I entered my house at 5pm today carrying altogether too many bags which were filled with wrapping paper, Christmas presents, photo frames, ten blocks of cheese and a Grierson award. It struck me that there would be people all over the world similarly weighed down at the end of the last major working day before Christmas.
I spent the morning ticking off a mercifully short list of things to do for the Brass recording. At this time of year, everyone is engulfed by the same panic; the panic which tells us that if it's not achieved before Christmas Eve it will remain undone, probably for ever. That's because all communication in the Western world ends on December 22nd and isn't reestablished until the middle of January! Never ever try to contact somebody from the BBC between now and then!
The Christmas tree went up this morning. It's a charmingly mangey affair, which Nathan tells me is 20 years old.
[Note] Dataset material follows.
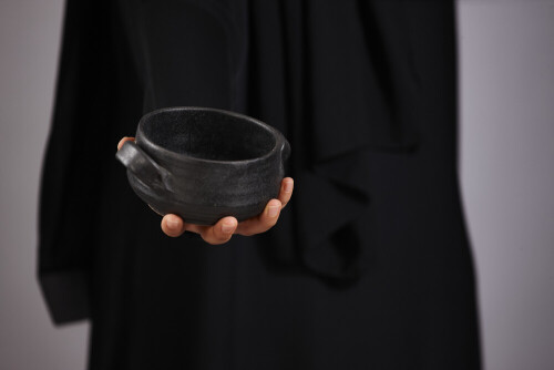 A woman in black abaya holding different pottery essentials in different positions

We draped it with a riotous assortment of baubles of different colours and textures. My favourite are almost certainly the scary pin-cushion clown heads we won at a party in New York!
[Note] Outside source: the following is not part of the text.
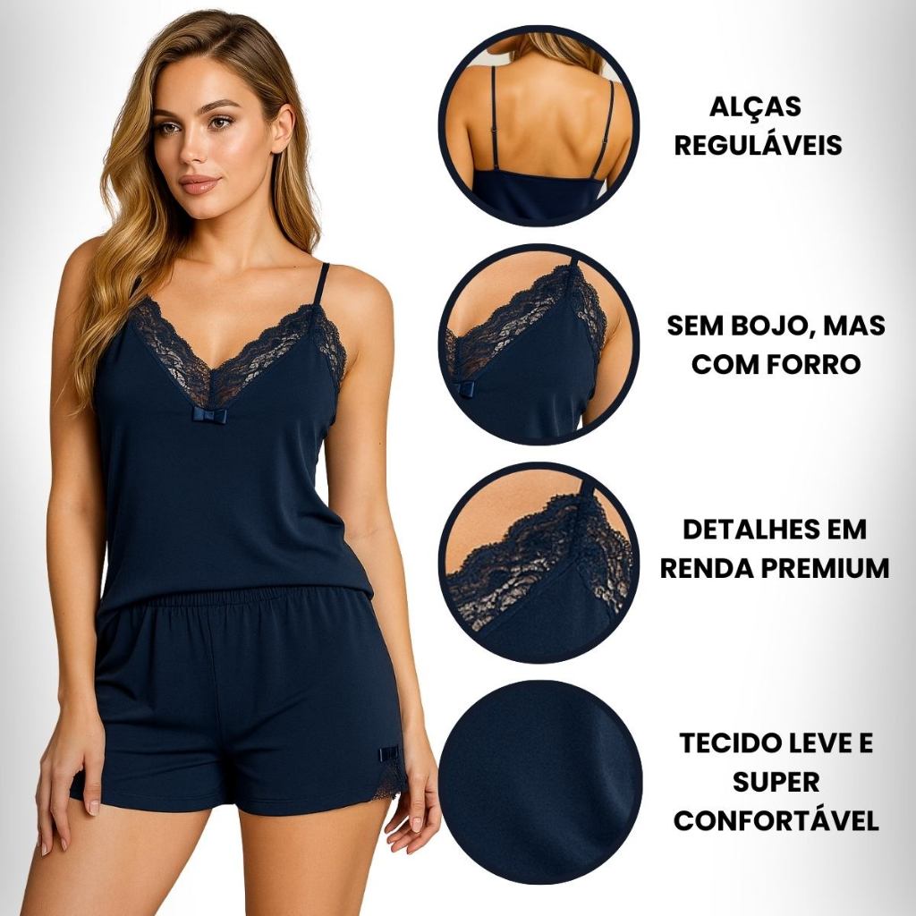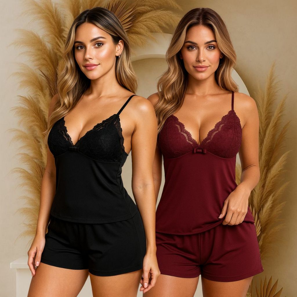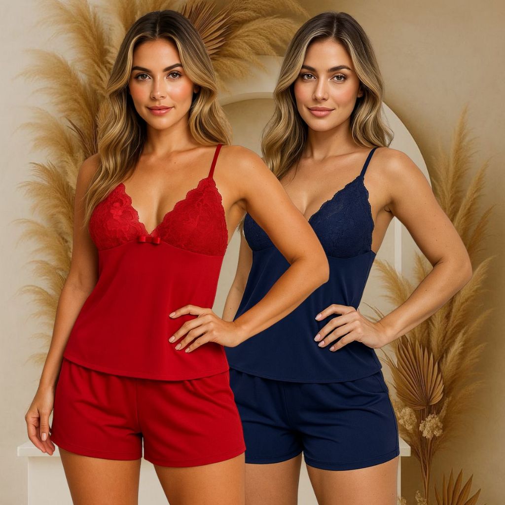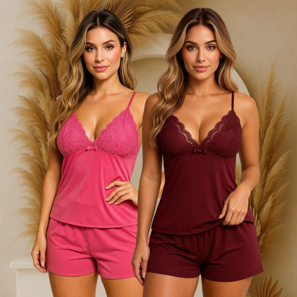 Kit 2 Baby Doll Renda Short Delicada Sensual Pijama Confortável

We had lunch with Uncle Archie in Kentish Town, and discussed a few rather exciting ideas for future documentaries. We ate omelettes and stale cake and he presented us with our Grierson Award, which is now sitting proudly on our mantlepiece next to my RTS Award and a load of Christmas cards.
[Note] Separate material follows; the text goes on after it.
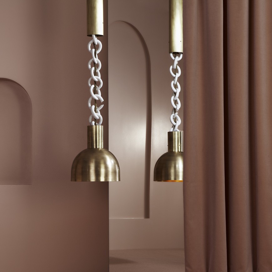 CREATED IN COLLABORATION WITH CERAMICIST ALICE GOLDSMITH, THE LINK PORCELAIN PENDANT EXAMINES BOTH THE STRENGTH AND VULNERABILITY OF THE ARTIST'S PORCELAIN CHAIN. FRACTURED LINKS SUSPEND OVERSIZED BRASS SHADES, THEIR FRAGILITY ANCHORED AND PROTECTED BY THE OPPOSITIONAL METAL.

We went from Kentish Town to Camden to buy lashings of Christmas cheese and enough wrapping paper to stretch from Highgate to the moon!
We stumbled upon a little barber shop and decided to give it a whirl, having suffered one or two too many butcher jobs at the hands of various branches of Mr Toppers. The barbers, a highly friendly bunch, were all Turkish and North African, and did a lot of work with cut throat razors, which I found terrifying and exciting in equal measure! They actually offer a shaving service there, with hot towels and things. It's something I think I might try for a special treat one time. Being shaved by someone else is a rather extraordinary sensation. You're forced to place your entire trust in a complete stranger, whilst your subconscious screams "get the f**k out of this chair!" When it's done well, however, it's like being tickled by a master painter!